◆ **DATA**
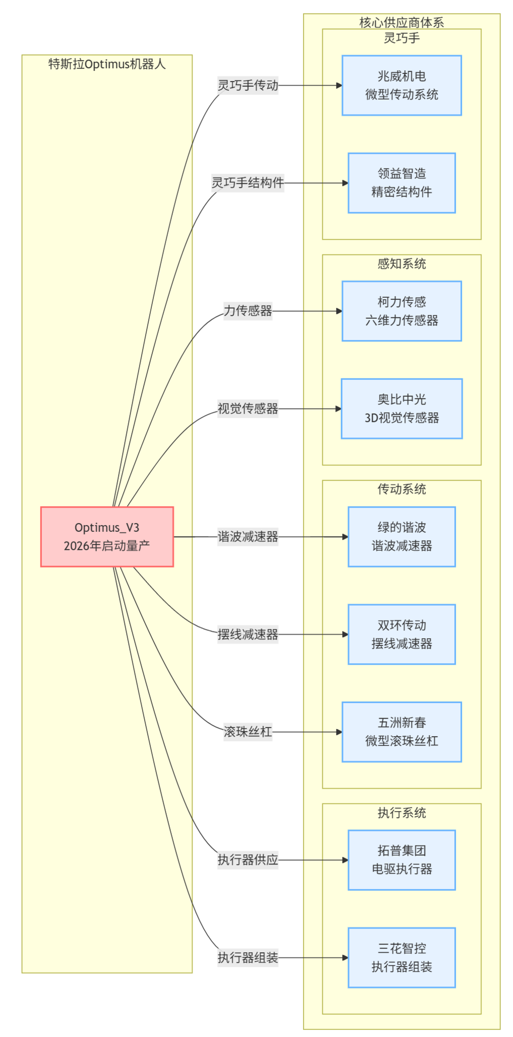 以下是 AlphaEngine 整理好的特斯拉机器人核心供应链图谱:
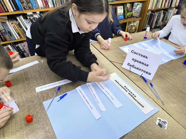 Завершающая точка маршрута – задание «Составь правила библиотеки». Дети творчески подошли к его выполнению и создали памятки правильного поведения в библиотеке.
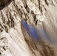 The debris from a recent landslide was first spotted on the south-east wall of the crater by the Mars Global Surveyor Mars Orbiter Camera (MOC) in 2003,[4] and was subsequently imaged at higher resolution by the Mars Reconnaissance Orbiter High Resolution Imaging Science Experiment (HiRISE) in December 2006.[5]
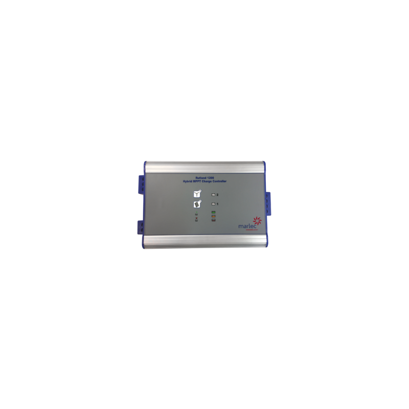 Le contrôleur est un élément clé de la conception holistique du Rutland 1200 par Marlec, fournissant une intelligence pour gérer la production d'énergie renouvelable jusqu'à 2 bancs de batteries.
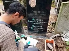 Последним этапом работы стала наклейка фотокерамики на памятник и обновление потускневших надписей на обоих надгробьях.

◆ **WORK TO BE COMPLETED**
Copy exactly the lines from the line that holds "The debris from" to the end of the listing, both included. Leave the pictures out.

◆ **ANSWER SPACE**
 The debris from a recent landslide was first spotted on the south-east wall of the crater by the Mars Global Surveyor Mars Orbiter Camera (MOC) in 2003,[4] and was subsequently imaged at higher resolution by the Mars Reconnaissance Orbiter High Resolution Imaging Science Experiment (HiRISE) in December 2006.[5]
 Le contrôleur est un élément clé de la conception holistique du Rutland 1200 par Marlec, fournissant une intelligence pour gérer la production d'énergie renouvelable jusqu'à 2 bancs de batteries.
 Последним этапом работы стала наклейка фотокерамики на памятник и обновление потускневших надписей на обоих надгробьях.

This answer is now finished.